I was working with a heterosexual couple. Let’s call them Pete and Angela (not their real names). Pete had gone soft trying to have sex with Angela after a long night of heavy drinking, and had worked himself into total panic in the months afterwards.
Every time they would start moving towards the bedroom, he’d start worrying whether or not he was going to be able to stay hard. The doubt and anxiety would overwhelm him, and as you can guess, would turn each new sexual experience into a horrible self-fulfilling prophecy.
It had gotten to the point where Pete had started to avoid sex, out of fear of not being able to perform. The couple hadn’t had sex in months, and it was causing a lot of tension.
During our session, Pete talked almost obsessively about his penis. He talked about its approximate firmness at various times when they’d attempted intercourse. He talked about how firm it used to be, and how long he used to be able to go during intercourse. He assured me that these issues had neverhappened to him before, and that he’d always been able to perform just fine. He talked about wanting to give Angela “what she deserved” – a rock hard penis.
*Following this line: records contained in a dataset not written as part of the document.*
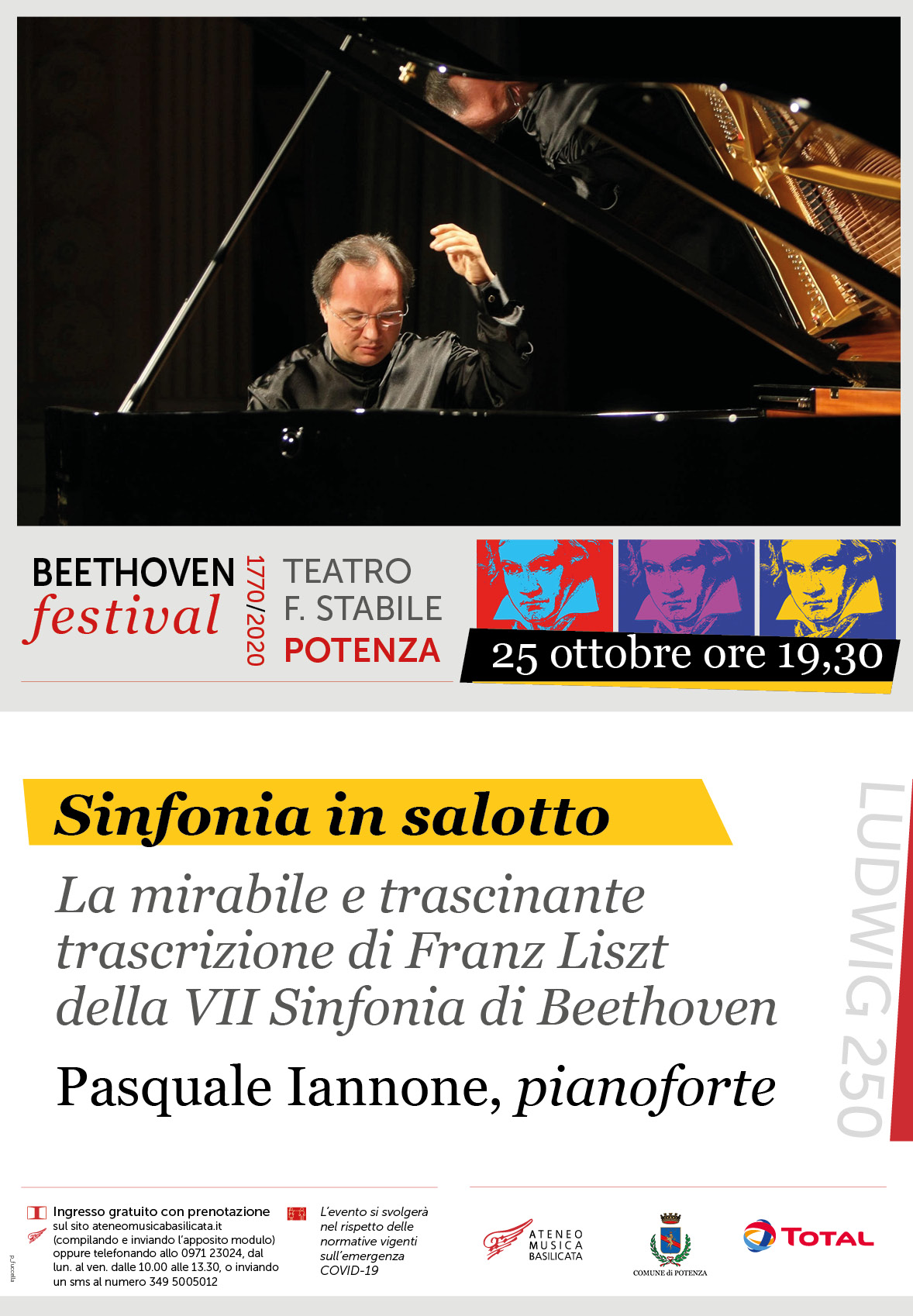 Concerto “Sinfonia in salotto” del M° Pasquale Iannone, che darà il via alle celebrazioni del 250° anniversario dalla nascita del grande compositore Ludwig van Beethoven con un programma per pianoforte solo.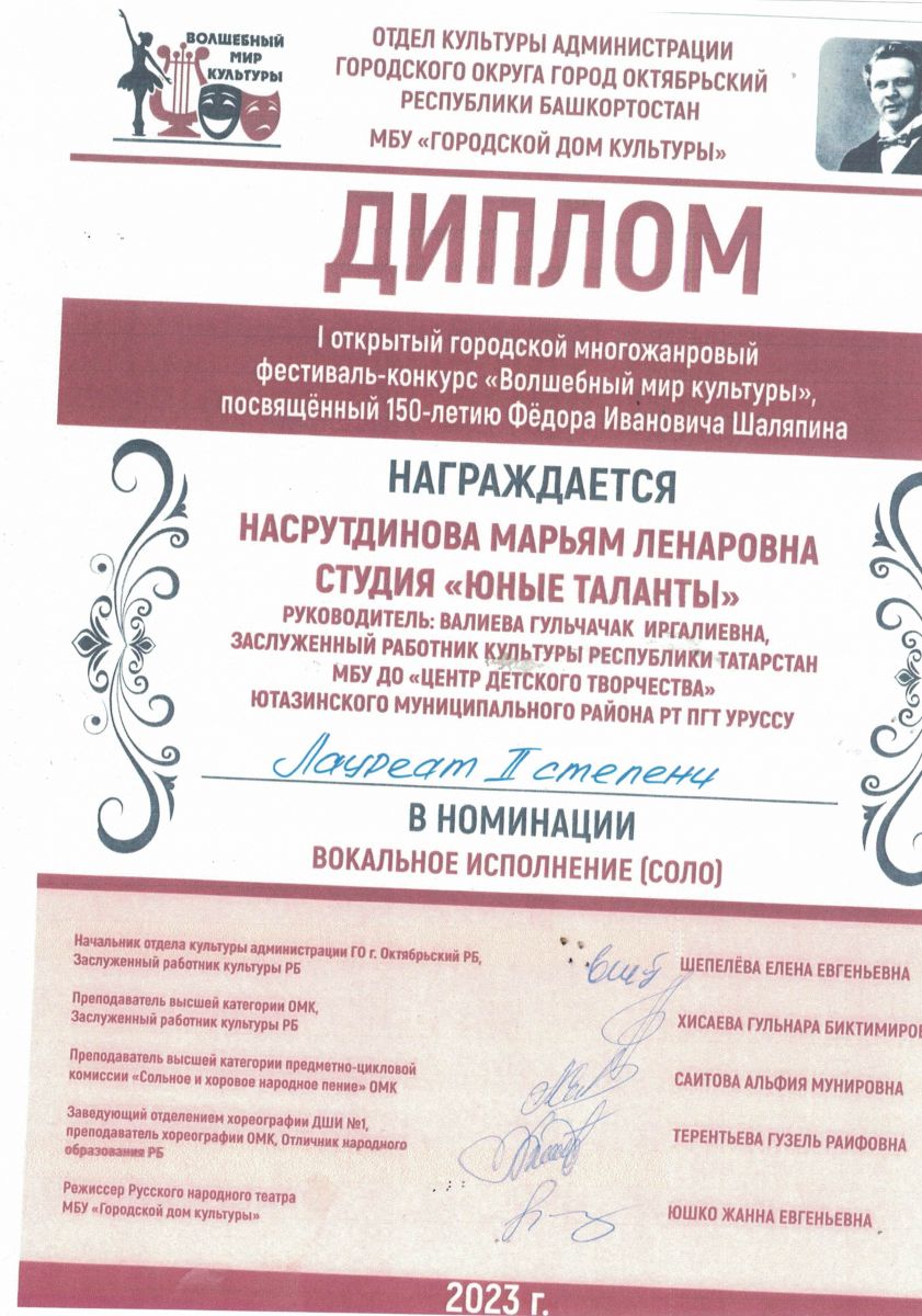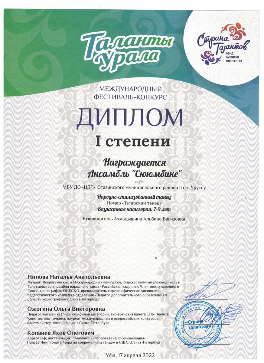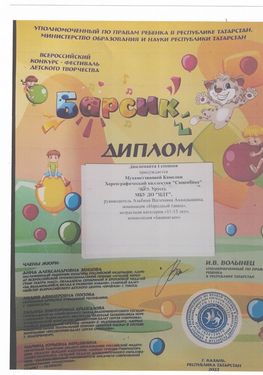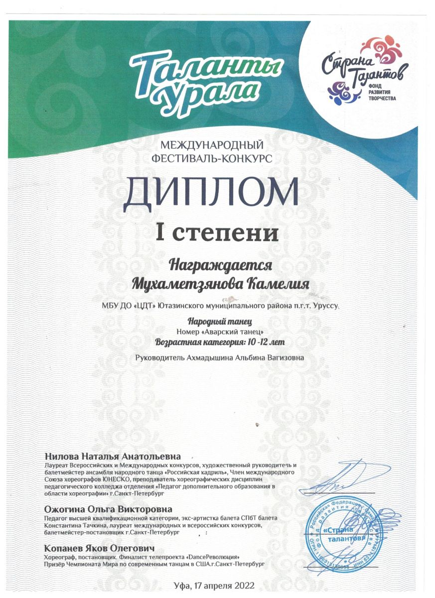/Диплом 1 степени Мхаметзянова Камелия Международный фестиваль конкурс Таланты Урала 2022.jpeg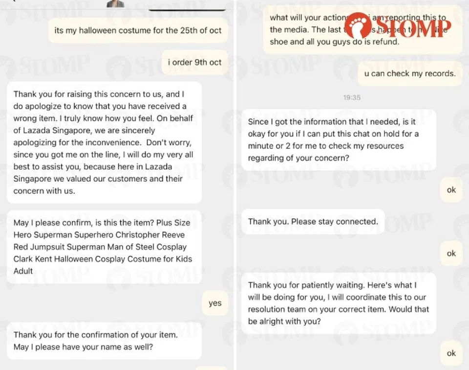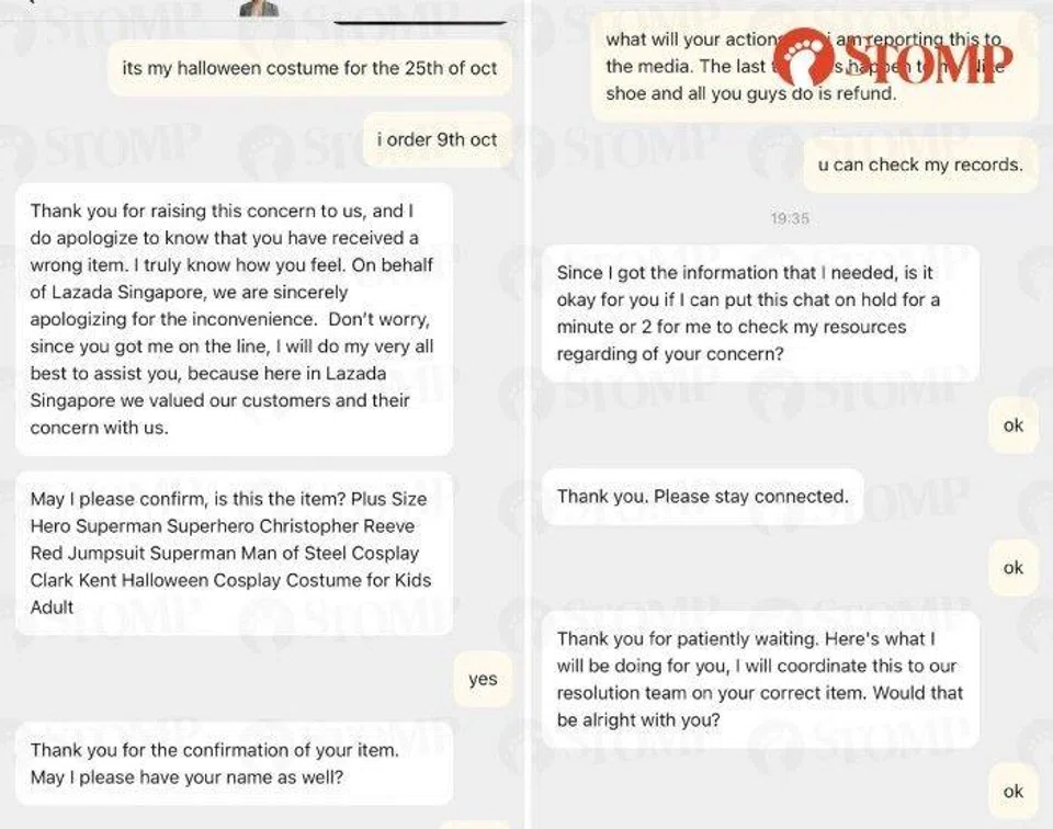 "I ordered a Superman costume from a seller called No Regrets Sports & Outdoors on the Lazada platform on Oct 9, which cost $90," recounted the Stomper.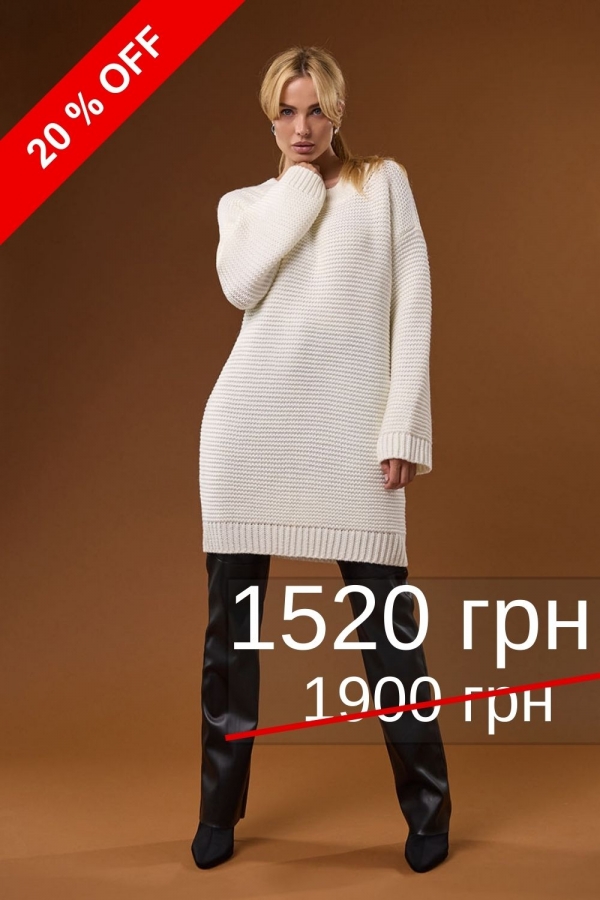 Стильна та практична туніка комфортного об'єму з приємної м'якої напіввовняної пряжі. Розслаблена резинка манжетів та по низу виробу.

Angela listened quietly, but you could sense her losing her patience. Finally, she uttered the line. “That’s what you think I want? Really??”
Angela launched into her own little speech. She said she wouldn’t have cared about Pete going soft that fateful night if he hadn’t made such a big deal of it. She knew the two of them could have had a fun and pleasurable night together even if his body wasn’t cooperating perfectly. She couldn’t believe that Pete thought she needed and expected him to be rock hard 100% of the time.
Pete was floored to hear all of this.
Like Pete, so many men internalize unrealistic sexual expectations from society and porn, and get obsessed with this idea of performance perfectionism. Getting and staying rock hard. Lasting the exact amount of time that’s not too short but also not too long.
But that’s not what the women who sleep with men actually need.